[转载]Python模块学习 ---- subprocess 创建子进程

[转自]http://blog.sciencenet.cn/blog-600900-499638.html

最近，我们老大要我写一个守护者程序，对服务器进程进行守护。如果服务器不幸挂掉了，守护者能即时的重启应用程序。上网Google了一下，发现Python有很几个模块都可以创建进程。最终我选择使用subprocess模块，因为在Python手册中有这样一段话:

　　This module intends to replace several other, older modules and functions, such as: os.system、os.spawn*、os.popen*、popen2.*、commands.*

　　subprocess被用来替换一些老的模块和函数，如：os.system、os.spawn*、os.popen*、popen2.*、commands.*。可见，subprocess是被推荐使用的模块。
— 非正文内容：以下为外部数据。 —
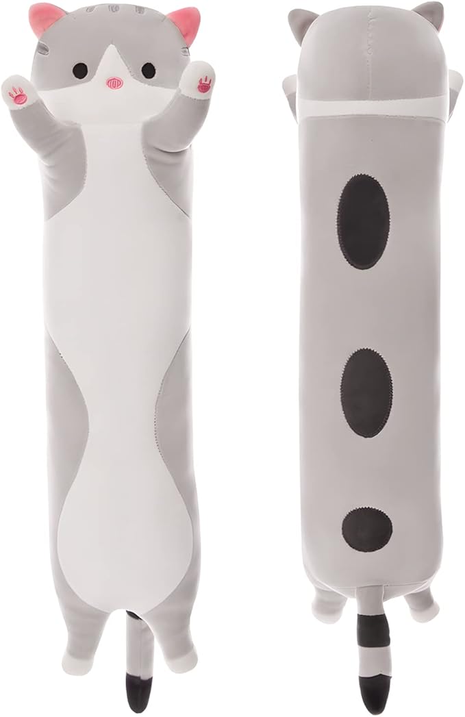 - CUTE CAT STUFFED ANIMALS--This cat plush pillow can be accompany you or your friends through lonely time,our cat plush hugging pillows are also a comfortable body pillow for adults. You can rely on it when resting, sleeping, and working, super soft. When you embrace the kawaii kitty pillow, it will relieve your tiredness and unhappiness of the day.

下面是一个很简单的例子，创建一个新进程，执行app1.exe，传入相当的参数，并打印出进程的返回值：

import subprocess
returnCode = subprocess.call('app1.exe -a -b -c -d')
print 'returncode:', returnCode
#----- 结果 --------
#Python is powerful
#app1.exe
#-a
#-b
#-c
#-d
returncode: 0

import subprocess returnCode = subprocess.call('app1.exe -a -b -c -d') print 'returncode:', returnCode #----- 结果 -------- #Python is powerful #app1.exe #-a #-b #-c #-d returncode: 0

app1.exe是一个非常简单的控制台程序，它只打印出传入的参数，代码如下：

#include <iostream>
using namespace std;
int main(int argc, const char *argv[])
{
cout << "Python is powerful" << endl;
for (int i = 0; i < argc; i++)
{
cout << argv[i] << endl;
}
return 0;
}

#include <iostream> using namespace std; int main(int argc, const char *argv[]) { cout << "Python is powerful" << endl; for (int i = 0; i < argc; i++) { cout << argv[i] << endl; } return 0; }

　　闲话少说，下面开始详细介绍subprocess模块。subprocess模块中只定义了一个类: Popen。可以使用Popen来创建进程，并与进程进行复杂的交互。它的构造函数如下：

subprocess.Popen(args, bufsize=0, executable=None, stdin=None, stdout=None, stderr=None, preexec_fn=None, close_fds=False, shell=False, cwd=None, env=None, universal_newlines=False, startupinfo=None, creationflags=0)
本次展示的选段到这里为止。